Thursday, October 25, 2018
Consumer Protections for International Remittances
Entrepreneur Garad Nor launched his first money transfer business in 1993 in Marshall, Minnesota. Ten years later, Garad Nor turned around Tawakal Express, an international remittance firm that handles millions of dollars each month. In addition to providing secure, reliable service, Tawakal Express operations follow all the laws and rules set forth by regulatory bodies such as the Consumer Financial Protection Bureau (CFPB).
Many consumer protections regarding electronically-transferred remittances are enshrined within the 2014 CFPB remittance rules. Before an international transaction is completed, remittance companies are required to clearly state the exchange rate, any additional fees, applicable taxes, and the amount directly wired to the receiver.

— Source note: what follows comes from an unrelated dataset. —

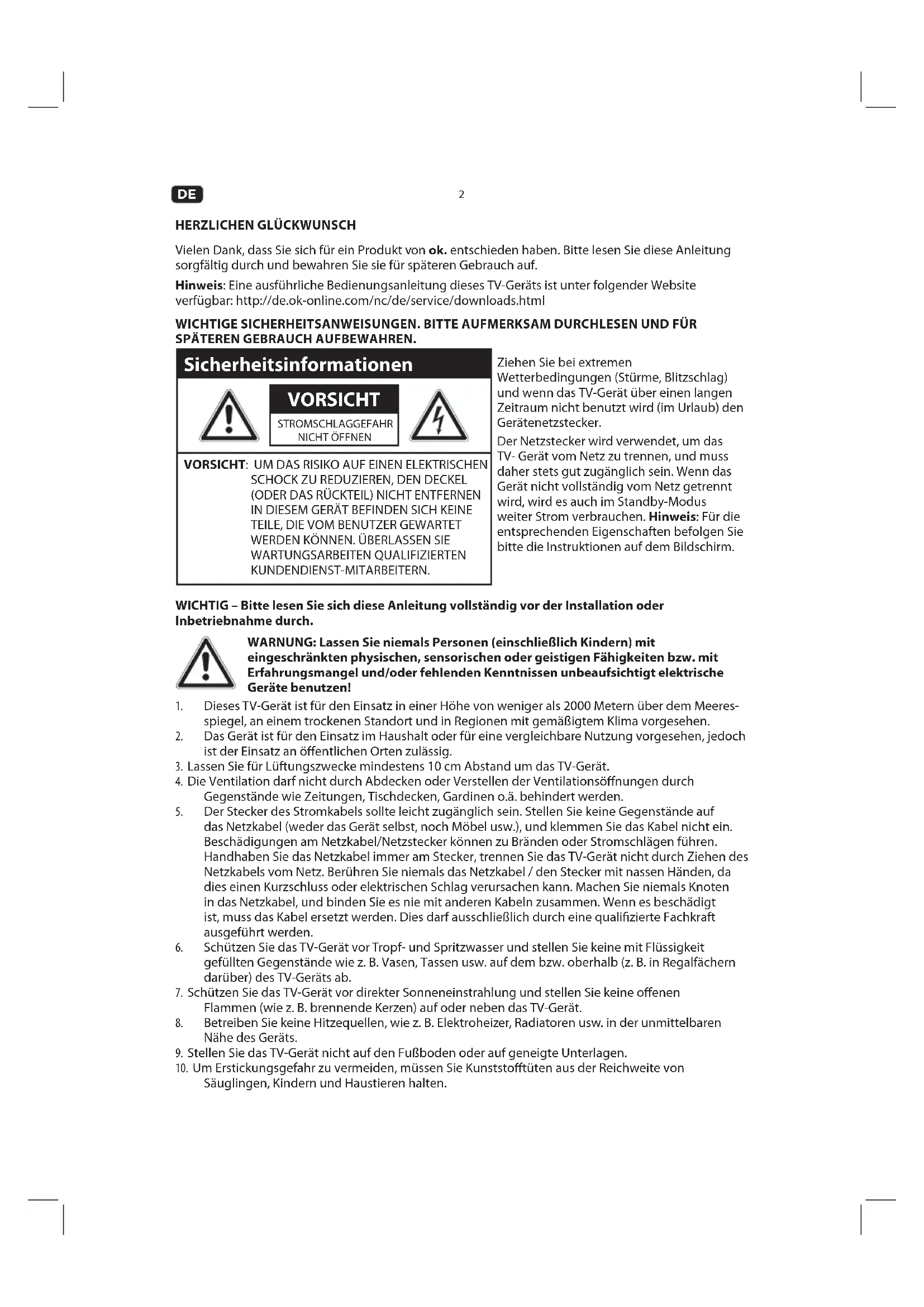 Vielen Dank, dass Sie sich für ein Produkt von ok. entschieden haben. Bitte lesen Sie diese Anleitung sorgfältig durch und bewahren Sie sie für späteren Gebrauch auf. Hinweis: Eine ausführliche Bedienungsanleitung dieses TV-Geräts ist unter folgender Website verfügbar: http://de.ok-online.com/nc/de/service/downloads.html WICHTIGE SICHERHEITSANWEISUNGEN. BITTE AUFMERKSAM DURCHLESEN UND FÜR SPÄTEREN GEBRAUCH AUFBEWAHREN. Sicherheitsinformationen Ziehen Sie bei extremen Wetterbedingungen (Stürme, Blitzschlag) und wenn das TV-Gerät über einen langen Zeitraum nicht benutzt wird (im Urlaub) den Gerätenetzstecker. Der Netzstecker wird verwendet, um das TV- Gerät vom Netz zu trennen, und muss daher stets gut zugänglich sein. Wenn das Gerät nicht vollständig vom Netz getrennt wird, wird es auch im Standby-Modus weiter Strom verbrauchen. Hinweis: Für die entsprechenden Eigenschaften befolgen Sie bitte die Instruktionen auf dem Bildschirm. VORSICHT STROMSCHLAGGEFAHR NICHT ÖFFNEN VORSICHT: UM DAS RISIKO AUF EINEN ELEKTRISCHEN

Recipients are also notified in writing of their rights and the company’s cancellation and dispute policies. Remittance agencies are also required to provide their clients with their privacy policy and a disclosure that includes the expected transaction date and ways to contact relevant regulators. Many companies translate these policies into the most common languages used by their customers.

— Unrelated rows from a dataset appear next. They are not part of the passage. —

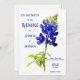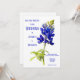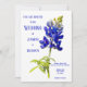 Uma fotografia única "de um tipo" de uma flor do Texas Bluebonnet com caule e folhas. Um fecho das pétalas azuis e um fundo macio que desaparece para um branco limpo. Um design moderno do tipo na cor azul da flor. Preencha com suas informações de casamento na parte de trás deste conjunto único de convites para o casamento.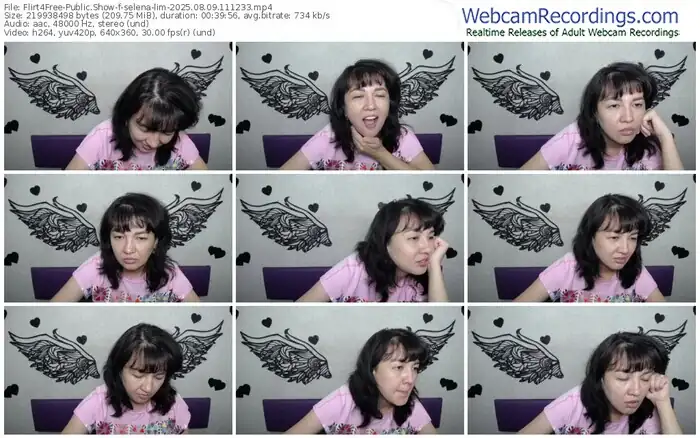 There are a total of 610 recordings (267 hours) of selena-lim from Flirt4Free available below.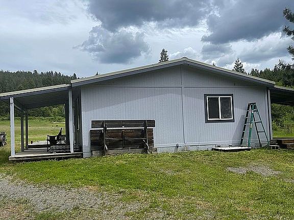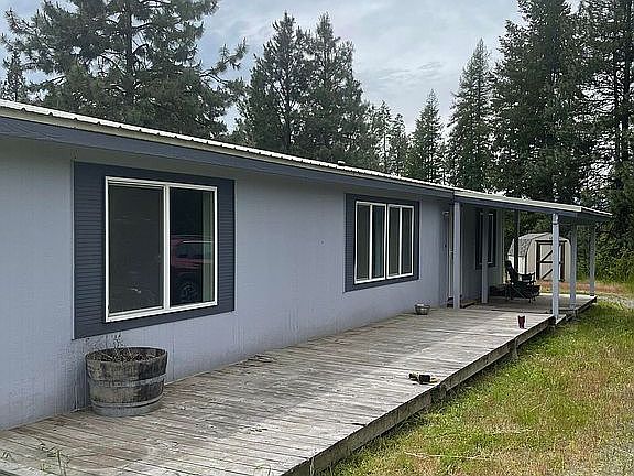 For sale by owner. 1997 Marlette manufactured home on 11 acres new carpet and paint throughout. 22 miles to Colville, 17 miles to Kettle Falls. Great mountain views. Fenced garden area with fruit trees. Lower field is approximately 4 acres of sub irrigated grass. Multiple areas for horses/livestock. 230 yards of year around creek. 2 large storage sheds. Two 45' shipping containers with trussed over roof. 5gpm well with new 2000 gallon holding tank and pump. ATT cell service. Internet via satellite. No owner contract, will not rent. Contact Jan (509)684-8569 for showings. Leave message.

Under these rules, consumers are protected against errors such as unequal exchange rates for senders and recipients or transfer delays caused by actions of the agency. Additionally, all errors have a reporting period of 180 days. Agencies can take up to 90 days to investigate any error claims and must resolve the error if the agency is found liable.

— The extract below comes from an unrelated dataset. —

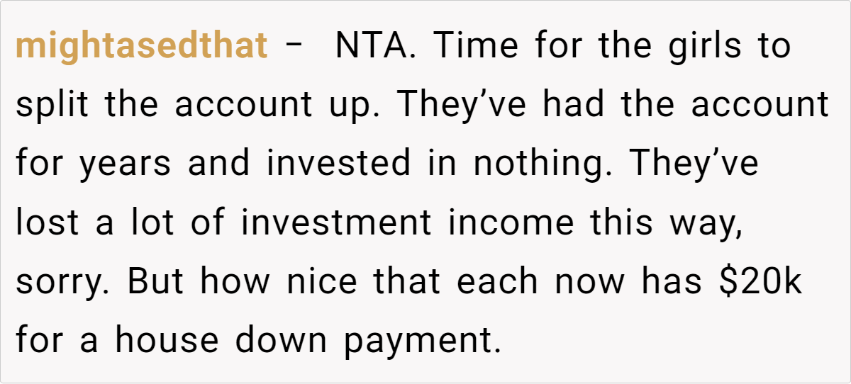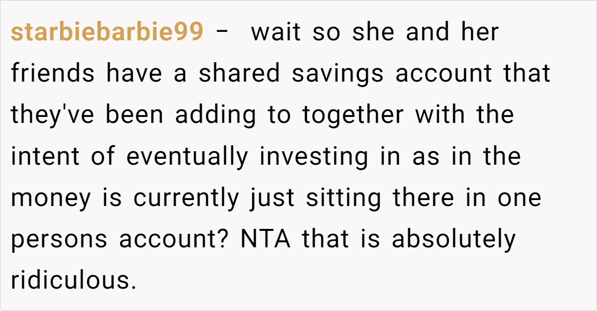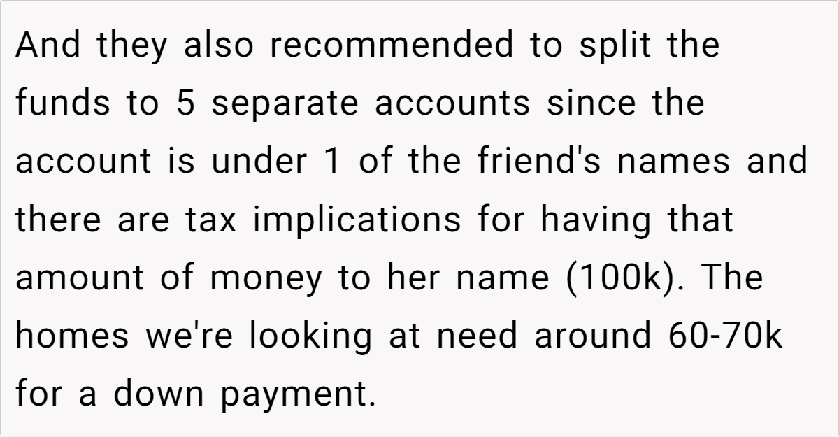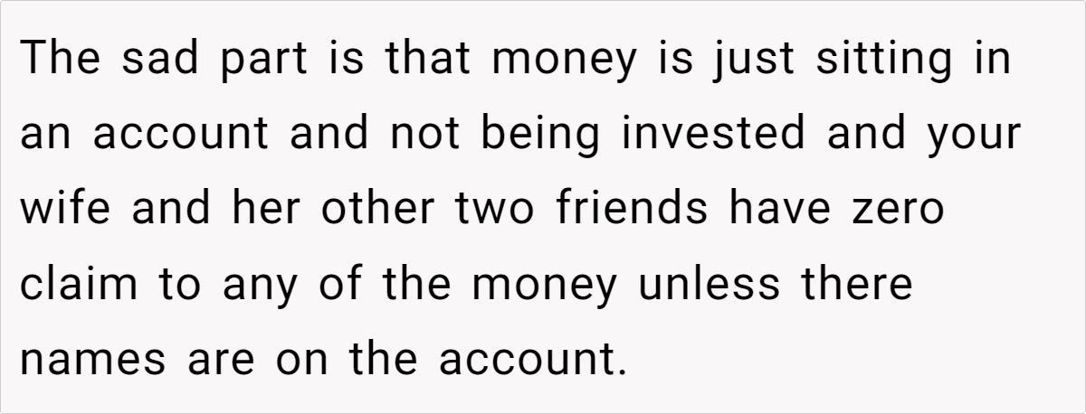 Financial advisors commonly warn that pooling money among five people—especially when it’s all in one person’s name—can lead to complicated tax scenarios, disagreements on usage, and even legal battles down the line. If the wife’s contribution is effectively locked away, it jeopardizes not only her marital finances but her own ability to invest that money wisely.

Wednesday, October 17, 2018
The Importance of Remittances on the East African Economy
Focusing on the money transfer needs of the African diaspora in Minnesota, entrepreneurial senior executive Garad Nor heads two successful international remittance operations, which process millions of dollars in transfers every year. As a reflection of the lucrative remittance market, Garad Nor’s latest venture, Banana Pay, handles over 10 million dollars in international transfers every month.
The earnings of East Africans in Europe, Canada, and the U.S. are often sent back to relatives in their home countries. In Kenya, nearly four percent of the Gross Domestic Product comes from remittances.
The billions of dollars infused into the economy helps boost flailing currencies and drives business growth. Moreover, the increased purchasing power of remittance recipients contributes to increased spending on education, healthcare, and other sectors that support economic development.
Researchers have found that remittances can have ripple effects throughout a community. Recipients often use their extra income to buy more goods, which increases localized production and creates more jobs.
However, remittances may deepen economic inequality and reduce participation in the workforce. In an attempt to democratize the benefits of remittances, the Kenyan government has enacted a series of policies to increase diaspora investment in nationwide projects.